--On Thursday, January 30, 2003 04:52:41 PM -0800 Zack Weinberg <[EMAIL PROTECTED]> wrote:
I'm relaying this to the LSB working group in charge of C++ and also to the Debian gcc team -- Debian is presently in the process of transitioning to the 3.2 ABI and I am pretty sure they also were operating under the assumption that it would not change ever again.
I know that we will change the C++ ABI a little bit more. Here are the two areas that I know are buggy, and are buggy in ways that affect correctness:
- Name mangling
Due to not being able to know exactly what's a dependent name and what's not, there are some (obscure) cases involving templates where we cannot really produce the right name given what we have now.
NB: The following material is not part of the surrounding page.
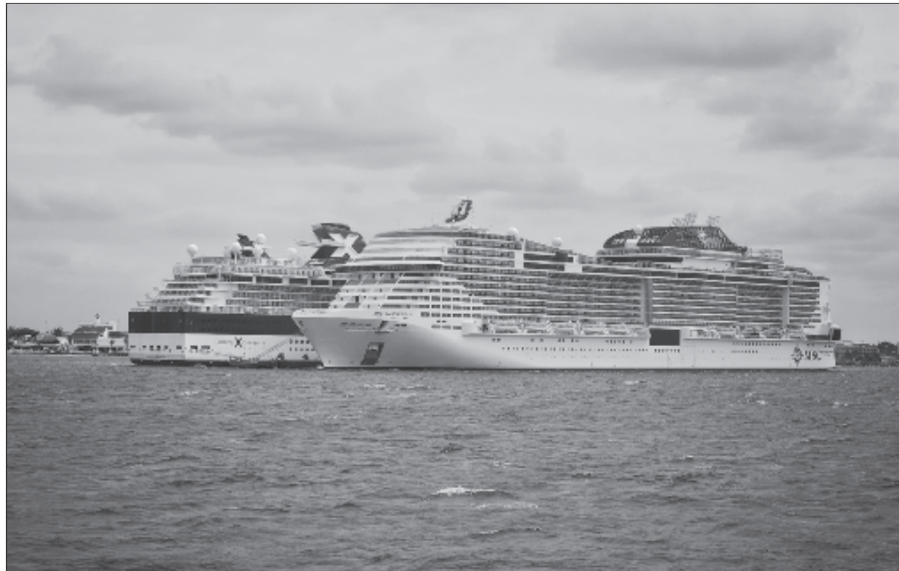
▲ Entre los puertos del Pacífico y los del Golfo Caribe la cifra para este semestre llegó a los 4 millones 968 mil 610 personas, un ritmo de más de 27 mil 600 visitantes diarios, de enero a junio: Secretaría de Marina.

El informe de la Semar establece que los puertos del Golfo Caribe tuvieron un aumento de 65.3 por ciento y los del Pacífico 89.4.

These cases are sufficiently odd that I'm not sure anyone will ever run into them in real code. For example, I doubt they come up in V3.
- Object layout
For the most part, these are bugs involving empty class conflicts. As far as I know, we've fixed all of these -- I do not know of any more and I know we've looked pretty hard, in various ways. There is also at least one bug involving virtual bases that might be somewhat more common.
I think the thing to do is wait until we are very confident that we've finally nailed the name mangling issues and until the V3 people they've nailed the runtime issues and then change the defaults. I don't know much about the runtime side, but on the compiler side, I expect that few people will notice.
To some extent, I think there's a communication issue. We (rightly) take seriously *any* ABI change, but some are a lot more serious than others. These are more like "If you have more than 32 parameters to a function, and 14 of them are floats, and 18 are long doubles, and you use varargs, then we quite match the spec" than "the size of int will be now be 5" or "floating point values will now be passed on the stack."
If we just said "this new version fixes a bug where two empty classes of the same type can end up at the same address", people probably wouldn't worry much -- but saying "we're breaking the C++ ABI" makes them worry. Both perspectives are correct: they should worry, but not *too* much.